Atak na Iran "coraz bardziej prawdopodobny"
W Izraelu od jakiegoś czasu nasila się dyskusja na temat ewentualnego ataku na instalacje atomowe w Iranie.
2011-11-06, 14:00
Prezydent Izraela Szimon Peres oświadczył, że atak jego kraju i innych państw na Iran jest "coraz bardziej prawdopodobny".
>>> Zobacz galerię DZIEŃ NA ZDJĘCIACH <<<
W wywiadzie dla jednej z prywatnych izraelskich stacji telewizyjnych Peres powiedział, że wywiady różnych krajów zajmujące się Iranem są zaniepokojone i ostrzegają, że Iran jest już w stanie wyprodukować broń atomową.
W Izraelu od jakiegoś czasu nasila się dyskusja na temat ewentualnego ataku na instalacje atomowe w Iranie. Cztery dni temu gazeta "Haaretz" napisała, że premier Benjamin Netanjahu zabiega o poparcie ministrów dla ataku na Iran.
Uderzenie to ostateczność
Dwa dni temu zaś były szef agencji wywiadowczej Mossad, Efraim Halewi, ostrzegł, że taka operacja miałaby konsekwencje dla całego Bliskiego Wschodu przez co najmniej sto najbliższych lat. Były szef Mossadu powiedział, że izraelskie uderzenie na Iran powinno być traktowane jako ostateczność. Jego zdaniem, należy przedtem sprawdzić, czy Teheran nie zrezygnuje z realizacji programu atomowego pod naciskiem zaostrzonych sankcji międzynarodowych.
REKLAMA
Efraim Halewi dał do zrozumienia, że niezwykle skuteczna okazała się tak zwana wojna cybernetyczna, którą Izrael i Stany Zjednoczone prowadzą z reżimem w Teheranie.
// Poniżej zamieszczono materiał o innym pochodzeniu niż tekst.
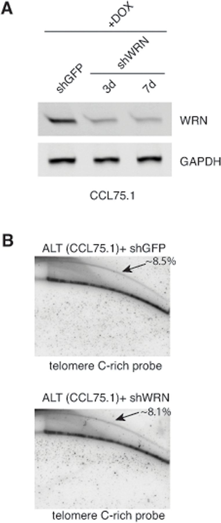 Genetic knock-out of the Ku80 gene in telomerase-positive human cells results in reduced cell proliferation and is accompanied by dramatic shortening and loss of telomeres [16, 17]. Moreover, 50% reduction in the expression of Ku80 either by small interfering RNA (siRNA) or by functional inactivation of one allele in two telomerase-positive carcinoma cell lines, HeLa and HCT116, is sufficient to alter telomere homeostasis, as demonstrated by rapid telomere shortening and, at least in one of the studies, stronger telomere overhang signal [16, 18]. To determine whether depletion of Ku70/80 influences telomere homeostasis in ALT cells, we measured telomere length, single-stranded telomere overhang signal and t-circles in ALT cells transduced with lentiviruses for the conditional expression of shRNAs targeting Ku70 and Ku80. Cells were subjected to selections and DNA was isolated before induction and at 7 and 10 days after DOX addition. DNA was digested with HinfI and RsaI, resolved on agarose gel and hybridized to a radiolabeled telomeric probe under either denaturing or native conditions. This analysis show that within the time frame of this experiment, depletion of Ku70/80 does not significantly influence overall telomere length or the single-stranded telomeric overhang (Figure 3). In parallel, DNA isolated from the transduced cells was separated by 2-dimensional gel electrophoresis (2-DGE) and probed with a radiolabeled telomeric probe. This analysis shows that depletion of Ku70/80 is accompanied by a significant decrease in the intensity of the arc representing extrachromosomal t-circles (Figure 4). To corroborate this finding, we analyzed telomere length, overhang signal and t-circles in another ALT cells line, Saos2, and show that, as observed in CCL75.1, depletion of Ku70/80 in Saos2 does not affect overall telomere length nor 3′ overhang but results in a significant decrease in the levels of t-circles (Figure 4 and Supplementary Figure S3). These results indicate that Ku70/80 downregulation negatively influences t-circle formation in ALT cells, thus implicating non-homology-based processes in t-circles homeostasis in these cells. In contrast, shRNA-mediated silencing of the Werner syndrome protein (WRN), a factor that binds to Ku70/80 and has been implicated in the repression of t-circles in telomerase-positive cells [14], does not alter the levels of t-circles in ALT cells (Figure 5). As a control we show that downregulation of MRE11/NBS1 in both CCL75.1 and Saos2 cells also results in a significant reduction in the levels of t-circles (Supplementary Figure S4), which is in agreement with published results [2].

Według źródeł zachodnich, w taki właśnie sposób sparaliżowno kilkaset irańskich centryfug służących do wzbogacania uranu. Mimo to, według najnowszych sondazy, połowa Izraelczyków nie wyklucza, że atak na Iran może okazać się koniecznością.
Izraelska armia w ostatnim czasie coraz cześciej przeprowadza próby z rakietami balistycznymi.
Raport MAEA
Tymczasem austriaccy dyplomaci akredytowani przy Międzynarodowej Agencji Energii Atomowej ujawnili niektóre szczegóły raportu dotyczącego polityki atomowej Iranu. Ma on zostać opublikowany 8 listopada.
REKLAMA
Autorzy raportu stawiają poważne zarzuty Teheranowi, sugerując, że jego program jądrowy służy celom wojskowym, a Iran ma już wystarczającą ilość uranu do konstrukcji pierwszej głowicy jądrowej. W liczącym 117 stron raporcie eksperci Agencji publikują między innymi pierwszy komputerowy model irańskiej głowicy nuklearnej oraz zdjęcia satelitarne, które dokumentują testy z zapalnikiem bomby jądrowej.
W reakcji na nieoficjalne informacje dotyczące raportu, minister spraw zagranicznych Iranu Ali Akbar Salehi oskarżył inspektorów Agencji o "brak profesjonalizmu" uznając raport za "kłamliwy" i "tendencyjny".
Izrael, Stany Zjednoczone i inne kraje od dawna podejrzewają Iran o dążenie do wyprodukowania broni atomowej. Teheran zaprzecza i twierdzi, że jego program nuklearny ma wyłącznie pokojowy charakter. Ani dotychczasowe negocjacje ani sankcje nie doprowadziły do przełamania impasu.